In a quest to define an algorithm that would help Livepeer include such mechanism, at Epiclabs we are making some progress as can be seen in our previous two articles in this series (see article I and article II).

For the present story, we will dive further into a set of metrics that will configure the input vector for a number of machine learning algorithms whose entrails we will rake in our next redaction.

So far we have explained how measuring different values on a per-frame basis can be very useful to create rich feature vectors that can later be fed in machine learning algorithms. The need for such techniques roots in the non-linear nature of our problem. There is not a single metric of similarity that can be used to discriminate all forms of poorly executed renditions. There is not even certainty about what are all the possible attacks.

What follows is an illustration of twenty five measurements we will be doing over our video renditions: five of them in a per-frame basis and then, for each, we will aggregate the values in the time domain with five more metrics.

In the spatial, frame domain, we will be observing five aspects of a video:

  • Inter-frame RGB histogram distance between original and rendition, to observe color distortions (IFHD)
  • Inter-frame contour difference between original and rendition, to observe and highlight highly contrasted regions (IFCD)
  • Inter-frame Discrete Cosine Transform difference, to assess how much energy is lost between renditions (IFDCTD)
  • Inter-frame normalized cross-correlation, to observe structural distortions (IFNCC)
  • Inter-frame Low Pass Filter Difference, to assess volumetric differences between the original and the rendition (IFLPFD)

Once those metrics are computed for each frame of a rendition, we will be able to assemble them in a time series. From this sequence of values we will extract five main aggregating values:

  • Euclidean distance between the original’s sequence and that of the rendition
  • Standard deviation
  • Manhattan distance
  • Mean value
  • Maximum value

This should give us enough information about the relationship between an asset and its rendition. With this features we will be able to train a classifier that will infer whether we are dealing with a legitimate encoding work or a cheating attempt.

Counting colors: Inter-Frame Histogram Distance (IFHD)

For this metric, we will be measuring the distance between the RGB histograms of the frames in the original from those in the rendition. Histograms are collected counts of data organized into a set of predefined bins.

A histogram of the three RGB channels of a single frame. The picture has 53940 pixels (310x174), each with three values (R, G and B) ranging between 0 and 255. A histogram is a convenient way to tally them.

We compute their histograms for all channels (R, G and B), so that we can evaluate the chi square distance between them and the rendition’s — or potential attack’s — counterpart.
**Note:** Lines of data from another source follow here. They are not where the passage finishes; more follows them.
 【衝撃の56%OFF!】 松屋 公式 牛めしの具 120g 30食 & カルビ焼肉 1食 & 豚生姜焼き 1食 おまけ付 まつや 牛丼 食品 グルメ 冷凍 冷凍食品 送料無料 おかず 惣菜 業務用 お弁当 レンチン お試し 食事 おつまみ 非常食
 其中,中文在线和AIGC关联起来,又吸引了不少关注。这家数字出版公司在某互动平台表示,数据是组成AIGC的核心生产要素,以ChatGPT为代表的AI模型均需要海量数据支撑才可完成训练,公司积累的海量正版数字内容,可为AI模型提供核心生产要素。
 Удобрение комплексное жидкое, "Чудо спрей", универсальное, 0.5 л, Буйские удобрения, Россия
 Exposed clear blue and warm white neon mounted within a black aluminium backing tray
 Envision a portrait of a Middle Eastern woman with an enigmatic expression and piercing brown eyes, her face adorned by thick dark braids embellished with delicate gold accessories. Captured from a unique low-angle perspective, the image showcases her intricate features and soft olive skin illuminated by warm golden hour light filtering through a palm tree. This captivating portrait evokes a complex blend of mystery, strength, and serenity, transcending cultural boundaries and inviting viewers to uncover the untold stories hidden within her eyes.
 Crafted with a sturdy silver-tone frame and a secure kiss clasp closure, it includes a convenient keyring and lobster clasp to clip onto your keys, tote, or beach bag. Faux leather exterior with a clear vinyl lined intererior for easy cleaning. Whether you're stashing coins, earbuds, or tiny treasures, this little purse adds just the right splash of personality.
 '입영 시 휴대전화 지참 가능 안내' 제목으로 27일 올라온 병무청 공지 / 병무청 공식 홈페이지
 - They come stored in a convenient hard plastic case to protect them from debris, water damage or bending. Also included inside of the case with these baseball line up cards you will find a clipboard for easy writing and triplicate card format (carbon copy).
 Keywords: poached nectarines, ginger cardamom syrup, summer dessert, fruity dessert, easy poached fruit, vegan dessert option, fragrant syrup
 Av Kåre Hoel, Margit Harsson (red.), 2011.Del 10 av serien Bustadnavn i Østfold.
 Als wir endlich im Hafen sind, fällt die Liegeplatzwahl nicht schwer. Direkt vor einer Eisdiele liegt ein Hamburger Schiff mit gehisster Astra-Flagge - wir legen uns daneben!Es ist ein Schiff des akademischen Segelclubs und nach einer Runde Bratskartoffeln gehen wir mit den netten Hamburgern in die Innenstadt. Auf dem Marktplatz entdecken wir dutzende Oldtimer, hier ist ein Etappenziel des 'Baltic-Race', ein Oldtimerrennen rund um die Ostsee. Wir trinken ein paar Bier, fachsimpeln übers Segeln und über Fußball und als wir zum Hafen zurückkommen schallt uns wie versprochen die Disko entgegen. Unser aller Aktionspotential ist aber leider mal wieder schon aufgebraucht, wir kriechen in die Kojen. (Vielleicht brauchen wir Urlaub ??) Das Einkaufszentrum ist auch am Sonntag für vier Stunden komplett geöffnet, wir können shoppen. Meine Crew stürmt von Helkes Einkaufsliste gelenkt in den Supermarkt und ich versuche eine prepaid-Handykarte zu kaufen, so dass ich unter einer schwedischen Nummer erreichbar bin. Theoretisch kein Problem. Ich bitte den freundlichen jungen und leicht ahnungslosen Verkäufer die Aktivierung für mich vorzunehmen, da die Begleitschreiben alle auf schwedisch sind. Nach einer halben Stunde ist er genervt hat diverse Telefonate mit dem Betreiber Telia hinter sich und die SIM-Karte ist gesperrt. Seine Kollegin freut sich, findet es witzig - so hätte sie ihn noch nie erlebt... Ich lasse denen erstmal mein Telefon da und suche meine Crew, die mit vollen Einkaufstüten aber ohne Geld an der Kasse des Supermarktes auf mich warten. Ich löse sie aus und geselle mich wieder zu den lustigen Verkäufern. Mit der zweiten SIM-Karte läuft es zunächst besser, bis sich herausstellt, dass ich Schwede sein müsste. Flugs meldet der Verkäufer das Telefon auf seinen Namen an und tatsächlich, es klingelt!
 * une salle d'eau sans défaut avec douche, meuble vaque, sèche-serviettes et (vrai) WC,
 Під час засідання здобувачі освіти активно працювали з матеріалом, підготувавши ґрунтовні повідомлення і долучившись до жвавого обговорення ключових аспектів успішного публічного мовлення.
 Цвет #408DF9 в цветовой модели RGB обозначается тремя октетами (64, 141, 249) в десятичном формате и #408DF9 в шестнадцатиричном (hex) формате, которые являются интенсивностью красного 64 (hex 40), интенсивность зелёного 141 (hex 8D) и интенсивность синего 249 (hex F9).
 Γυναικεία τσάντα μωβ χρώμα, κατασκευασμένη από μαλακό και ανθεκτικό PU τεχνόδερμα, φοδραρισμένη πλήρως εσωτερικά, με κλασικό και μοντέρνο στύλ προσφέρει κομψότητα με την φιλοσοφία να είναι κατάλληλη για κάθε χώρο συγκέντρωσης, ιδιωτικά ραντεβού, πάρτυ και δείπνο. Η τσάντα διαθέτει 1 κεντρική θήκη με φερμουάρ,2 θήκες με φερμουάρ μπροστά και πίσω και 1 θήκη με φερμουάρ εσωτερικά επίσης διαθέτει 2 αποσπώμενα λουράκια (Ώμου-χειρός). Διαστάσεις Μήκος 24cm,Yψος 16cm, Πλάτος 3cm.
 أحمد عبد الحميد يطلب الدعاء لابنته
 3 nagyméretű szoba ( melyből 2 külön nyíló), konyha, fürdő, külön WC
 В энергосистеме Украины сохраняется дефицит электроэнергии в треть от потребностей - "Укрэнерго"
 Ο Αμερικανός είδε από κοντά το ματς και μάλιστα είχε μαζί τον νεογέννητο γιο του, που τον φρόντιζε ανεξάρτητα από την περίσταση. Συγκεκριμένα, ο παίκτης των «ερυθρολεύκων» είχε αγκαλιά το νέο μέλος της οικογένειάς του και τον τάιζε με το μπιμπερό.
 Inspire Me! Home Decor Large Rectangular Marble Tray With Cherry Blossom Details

For those interested in how this distance is computed, some valuable links are here and here. To see how it is implemented in Livepeer, have a peek here.

Time series for five renditions processed with our inter-frame histogram distance metric (the original being the constant blue line at zero). Given that this is a distance, larger values imply higher distortion. Watermarked renditions are now easier to discriminate and they are contrasted even from lower resolution renditions

A temporal evolution of this metric for 10 seconds of a few renditions of Big Buck Bunny can be checked out above. In general, legitimate renditions seem to cluster nicely without great divergence, whereas watermarked encodings split almost one order of magnitude apart, at least for this asset. Being a distance between histograms, this is a metric of difference, with a lower bound in zero and unbounded in the upper extreme.

The gap between plots above depends greatly on the color and size of the watermark, not its shape, so a different kind of metric might be needed to account for other features of other videos: enter the Inter-Frame Contour Difference.

Counting contour pixels: Inter-Frame Contour Difference (IFCD)

So, the color change between frames is by all means a valuable source of information. However, there are other characteristics of a video sequence that can be collected without much computational effort.

Edge detection is a technique that allows for extracting structural information based on the detection of edges. In our case, it can be very useful for detecting superimposed text and other non-texture dependent distortions. Different algorithms exist that extract this kind of information, namely Sobel’s, Laplacian operator’s or Canny’s. After some performance benchmarking, we decided for Canny’s.

Basically, we will be computing the difference between a frame in the original and its next frame in the rendition, obtaining a specific time series evolution vector. Previously, the frame in the original and that of the rendition have been converted to their contour version by means of a Canny filter.

As an example, the results of the filter applied to both the original as well as to the watermarked rendition are displayed below.

Shape contour version of the a frame of an original asset (above) and the next frame in the watermarked version (below). Watermarks have very specific edges easily detected by Canny filters.

Once we have the contours, we can compute their difference and magnify those pixels that are different with a dilate filter. Counting non-zero pixels is then done in the original sequence between a frame and its following, and then between the same frame of the original and the next one in the copy. The arithmetic subtraction between pixel ratios (that of the original minus that of the rendition) accounts for how much a rendition is distorted.

Pixel difference between a frame of an original asset and the next frame in the watermarked version (above), and its dilated version (below). Dilation magnifies the presence of watermarks.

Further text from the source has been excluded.